** Opening The data block **
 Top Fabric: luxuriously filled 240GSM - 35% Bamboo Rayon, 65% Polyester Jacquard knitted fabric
** Closing The data block **
** Opening The data block **
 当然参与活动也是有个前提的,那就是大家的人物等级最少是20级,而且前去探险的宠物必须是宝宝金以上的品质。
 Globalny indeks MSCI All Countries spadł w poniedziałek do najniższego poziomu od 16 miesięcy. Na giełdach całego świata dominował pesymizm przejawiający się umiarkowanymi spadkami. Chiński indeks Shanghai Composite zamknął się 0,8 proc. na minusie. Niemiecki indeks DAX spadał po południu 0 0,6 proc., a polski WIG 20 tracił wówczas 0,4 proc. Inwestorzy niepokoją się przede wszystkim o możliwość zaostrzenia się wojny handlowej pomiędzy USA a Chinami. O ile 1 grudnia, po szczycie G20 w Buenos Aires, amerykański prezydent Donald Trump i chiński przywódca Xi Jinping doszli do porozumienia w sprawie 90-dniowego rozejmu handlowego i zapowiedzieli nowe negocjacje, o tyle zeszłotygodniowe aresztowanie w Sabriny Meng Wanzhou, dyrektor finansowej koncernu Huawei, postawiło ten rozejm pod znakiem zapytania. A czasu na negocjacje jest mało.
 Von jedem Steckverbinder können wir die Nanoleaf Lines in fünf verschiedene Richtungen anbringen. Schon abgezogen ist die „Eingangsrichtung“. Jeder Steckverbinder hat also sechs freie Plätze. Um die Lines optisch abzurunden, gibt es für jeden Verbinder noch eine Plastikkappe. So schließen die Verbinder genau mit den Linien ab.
** Closing The data block **
About this exercise:
Look above for the line with "当然参与活动也是有个前提的,那就是大家的" and the line with "Von jedem Steckverbinder". Write out those two lines and all the lines between them, exactly, and no others.

Result for this task:
 当然参与活动也是有个前提的,那就是大家的人物等级最少是20级,而且前去探险的宠物必须是宝宝金以上的品质。
 Globalny indeks MSCI All Countries spadł w poniedziałek do najniższego poziomu od 16 miesięcy. Na giełdach całego świata dominował pesymizm przejawiający się umiarkowanymi spadkami. Chiński indeks Shanghai Composite zamknął się 0,8 proc. na minusie. Niemiecki indeks DAX spadał po południu 0 0,6 proc., a polski WIG 20 tracił wówczas 0,4 proc. Inwestorzy niepokoją się przede wszystkim o możliwość zaostrzenia się wojny handlowej pomiędzy USA a Chinami. O ile 1 grudnia, po szczycie G20 w Buenos Aires, amerykański prezydent Donald Trump i chiński przywódca Xi Jinping doszli do porozumienia w sprawie 90-dniowego rozejmu handlowego i zapowiedzieli nowe negocjacje, o tyle zeszłotygodniowe aresztowanie w Sabriny Meng Wanzhou, dyrektor finansowej koncernu Huawei, postawiło ten rozejm pod znakiem zapytania. A czasu na negocjacje jest mało.
 Von jedem Steckverbinder können wir die Nanoleaf Lines in fünf verschiedene Richtungen anbringen. Schon abgezogen ist die „Eingangsrichtung“. Jeder Steckverbinder hat also sechs freie Plätze. Um die Lines optisch abzurunden, gibt es für jeden Verbinder noch eine Plastikkappe. So schließen die Verbinder genau mit den Linien ab.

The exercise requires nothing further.